In addition to glycan clustering effects, we also found regions of the trimer where interprotomer interactions and the resulting steric effects are likely to limit glycan processing. For example, N197 bears a mix of oligomannose-type and complex N-glycans and resides very close to the V3 region of gp120 from the adjacent protomer (Figure 3B). As such interactions could only occur in the context of a properly assembled trimer, our observation is not inconsistent with reports that the N197 glycan of monomeric gp120 proteins contains complex glycans (Go et al., 2013, Leonard et al., 1990, Pritchard et al., 2015b). The same general scenario applies to the N156, N160, and N276 glycans that are complex when in the context of monomeric gp120 (Go et al., 2013, Leonard et al., 1990, Zhu et al., 2000). We now show that each of these glycans is predominantly of the oligomannose type when present on the BG505 SOSIP.664 trimer. Hence, all of these sites are subject to the additional constraints imposed on processing enzymes by the interprotomer interactions that apply at the trimer level but that are irrelevant to gp120 monomers (Pritchard et al., 2015d). Overall, our analyses reveal key molecular features of the TAMP (Crispin and Doores, 2015).

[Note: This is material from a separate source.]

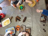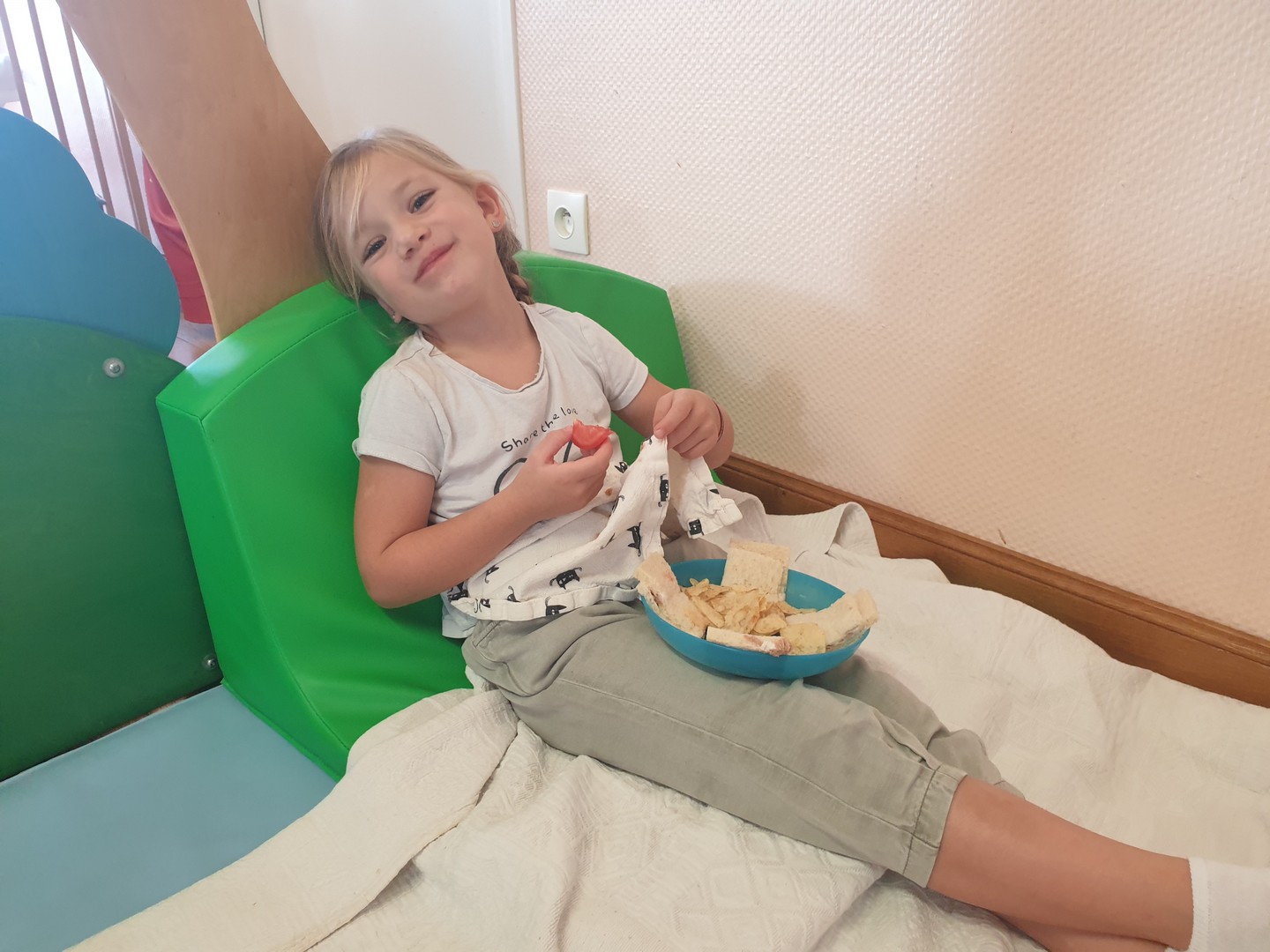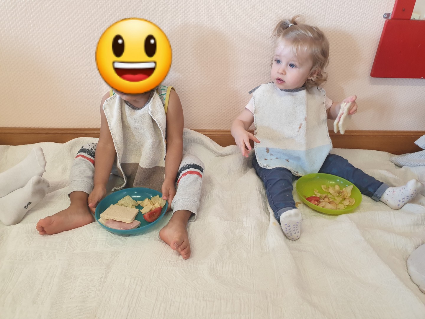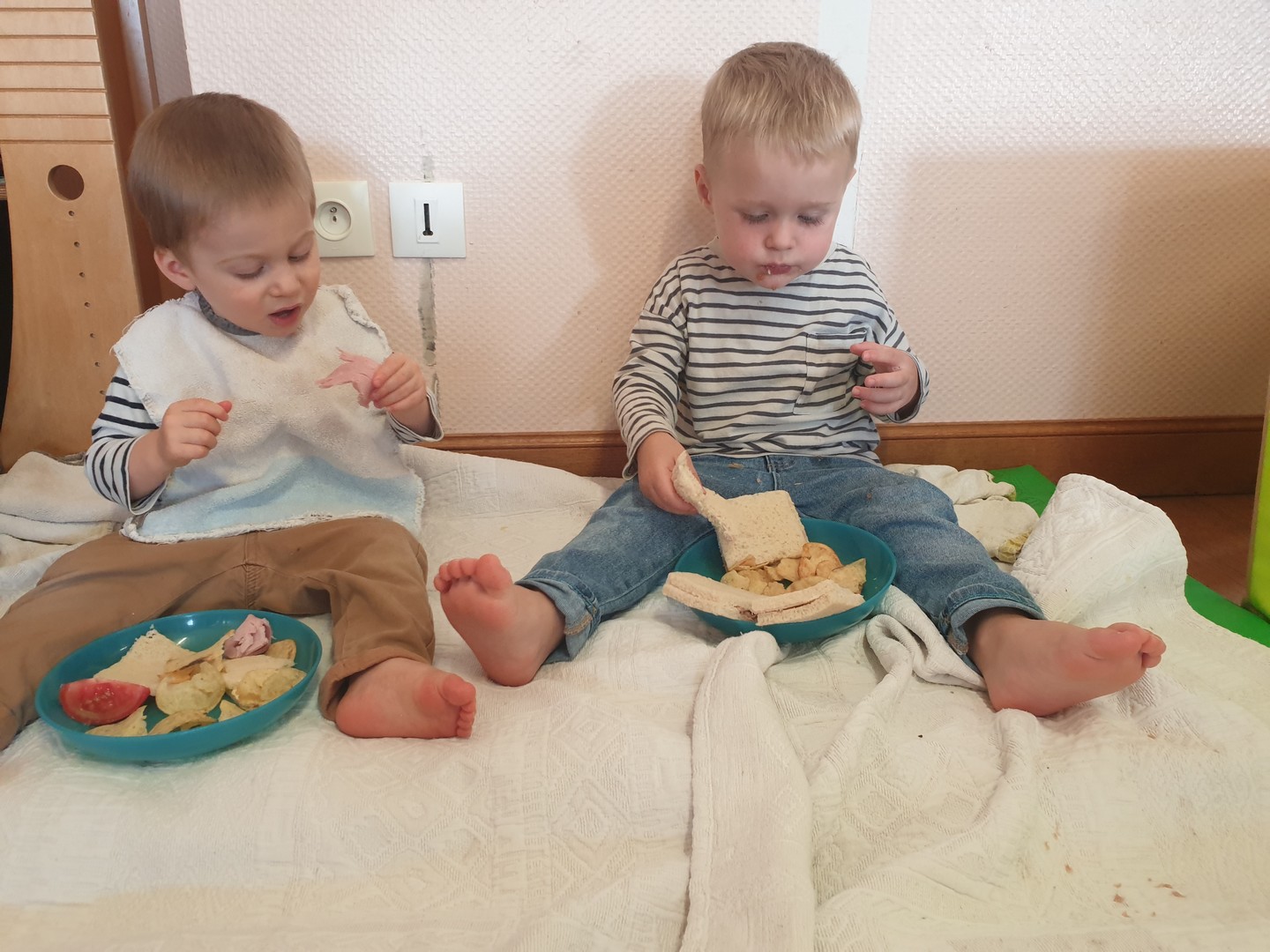 Pour le plus petits nous avons chauffé les plats moulinés/morceaux avant de partir. Ils sont restés au chaud dans des sacs isothermes.

Processing of the Exposed Glycans of the Trimer Base

Complex glycans dominate the N and C termini of the BG505 SOSIP.664 trimer, which are located very close to one another at the structure’s base (Figure 3). In particular, the highly processed gp120 N88 glycan is located immediately proximal to the gp41 subunit. Of the three glycan sites identified on gp41, N611 and N618 display a broad range of complex glycans (Figure 3; Tables S4 and S5), whereas N637 is less extensively processed; a significant proportion of these structures are in oligomannose-type form. An explanation for the mixed-processing status of the N637 glycan could be trimer-induced steric hindrance caused by its proximity to gp120 glycans N234 and N276. The comparatively limited (relative to gp120) overall oligomannose content of the gp41 subunit that was identified by UPLC analysis (Pritchard et al., 2015d) may, therefore, originate from only a single site, N637. We were only able to identify trace amounts of glycosylated peptides corresponding to the N625 site that were insufficient to verify by tandem MS (MS/MS). Hence, the N625 glycan site may be markedly less occupied than the other gp41 sites. There are previous reports of the partial or alternative occupancy of gp41 glycan sites in general (Depetris et al., 2012, Go et al., 2011, Go et al., 2015, Pabst et al., 2012) and of the BG505 SOSIP.664 trimer’s N625 glycan in particular (Guttman et al., 2014).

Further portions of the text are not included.